Dirige algunas películas notables —Escrito bajo el sol (1957), Un crimen por
hora (1958), El sargento negro (1960), Dos cabalgan juntos (1961)— pero cada vez le
cuesta más encontrar financiación. A pesar de todo, en los sesenta rueda su última obra
maestra: El hombre que mató a Liberty Valance (1962). A diferencia de la minuciosa
odisea (física y psicológica) de Centauros…, este film se desarrolla básicamente en
interiores y en decorados de estudio. Tiene todos los tintes de aquello que ha dado
enllamarse “obra testamentaria”. Rodada en blanco y negro, El hombre… aglutina los
grandes temas que Ford ha ido desbrozando durante medio siglo: la construcción de la
sociedad moderna (el film se abre y se cierra con el ferrocarril), el sacrificio colectivo e
individual, la leyenda que se impone a la historia (por cierto, el discurso final de El
caballero oscuro (2008) de Christopher Nolan debe mucho al célebre apotegma
fordiano “cuando los hechos se convierten en leyenda, imprime la leyenda”), el
desarraigo de aquellos para los cuales el presente ya es futuro. En este aspecto, Tom
Doniphon y Liberty Valance son las dos caras de la misma moneda. Su enfrentamiento
marca una secuencia memorable, de una puesta en escena canónica y vibrante.

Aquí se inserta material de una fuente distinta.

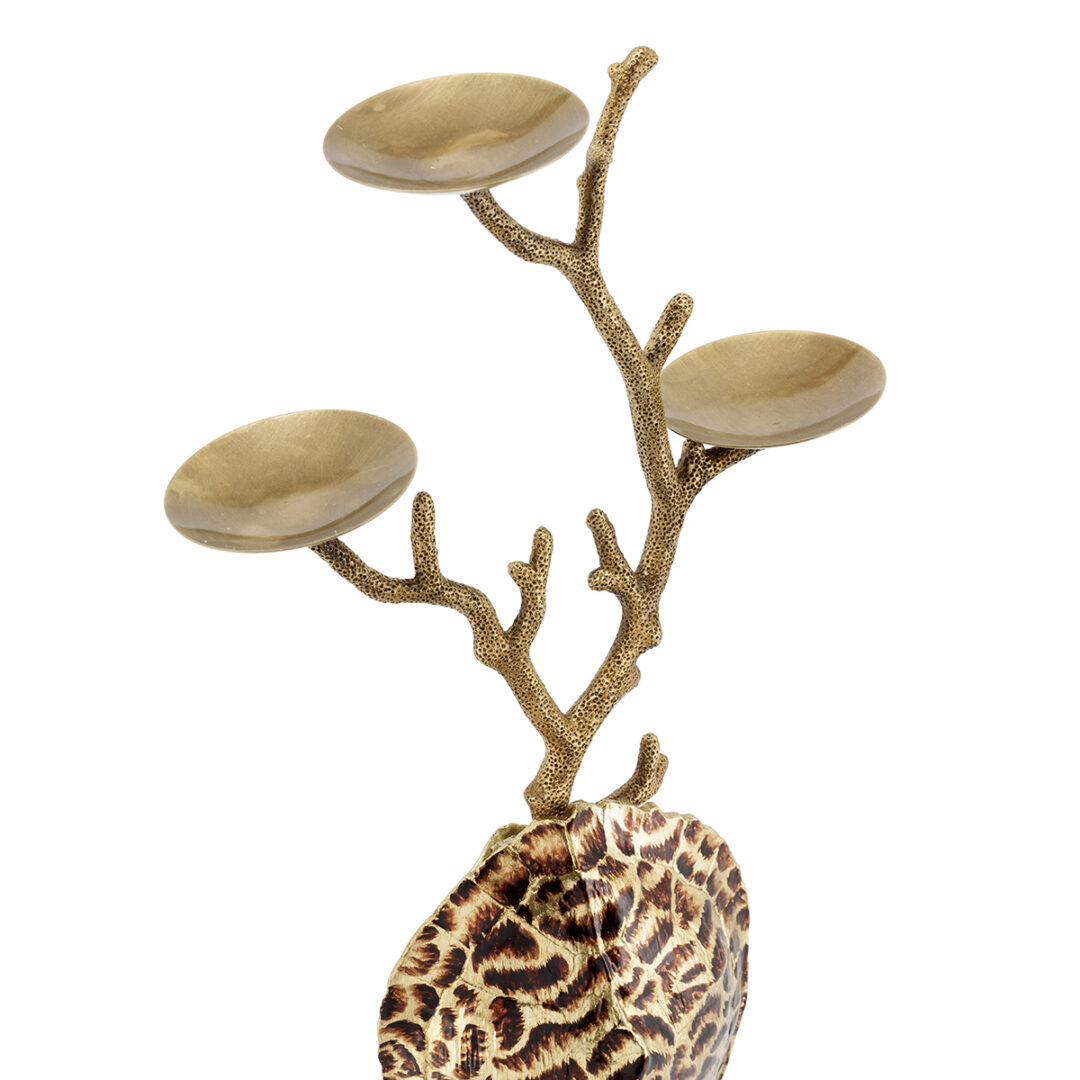 Подсвечник ART OBELISK — это настоящий шедевр, выполненный в форме обелиска. Его коралловая металлическая структура, дополненная хрустальной основой ручной резки, создает эффектный контраст и привлекает взгляд. Расписанный вручную панцирь черепахи добавляет уникальности и характерности этому изделию. Размеры подсвечника: высота 75 см и основание 24×11 см, что делает его идеальным для любого интерьера — от классического до современного.

Antes de la retirada aún tiene tiempo para filmar la libérrima comedia La taberna del
irlandés (1963), un canto a la dignidad del pueblo indio en El gran combate (1964), El
soñador rebelde (1965), que tuvo que terminar Jack Cardiff, y Siete mujeres (1966),
una de sus obras más incomprendidas y que bien merece tener un sitio entre sus grandes
obras.
Sus últimas palabras inteligibles, el 31 de agosto de 1973, fueron para pedir un cigarro.

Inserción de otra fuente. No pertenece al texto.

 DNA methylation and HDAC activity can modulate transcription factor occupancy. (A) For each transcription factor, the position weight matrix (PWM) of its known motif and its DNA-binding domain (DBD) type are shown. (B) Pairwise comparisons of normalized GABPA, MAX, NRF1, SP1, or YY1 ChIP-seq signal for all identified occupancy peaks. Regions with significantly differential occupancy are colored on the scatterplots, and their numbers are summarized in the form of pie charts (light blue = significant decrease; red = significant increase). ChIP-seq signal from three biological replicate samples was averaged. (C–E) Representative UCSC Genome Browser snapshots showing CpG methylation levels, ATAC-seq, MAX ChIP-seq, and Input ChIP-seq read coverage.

El primero en llegar a su funeral fue el actor Woody Strode. El crítico Joseph
McBride, autor del monumental Tras la pista de John Ford, cuenta que se acercó a
John Wayne en el cementerio para preguntarle por su amistad con el cineasta. Con ojos
enrojecidos, el actor consiguió articular un: “Bueno, llegué a conocerle un poco” y se
fue alejando con el singular y perezoso movimiento de cadera, arrastrando los pies (tal y
como le había enseñado “el capitán”: “Duke, no des saltitos como un marica”) en un
postrer homenaje al viejo hijo de perra irlandés. Antes del fundido en negro final.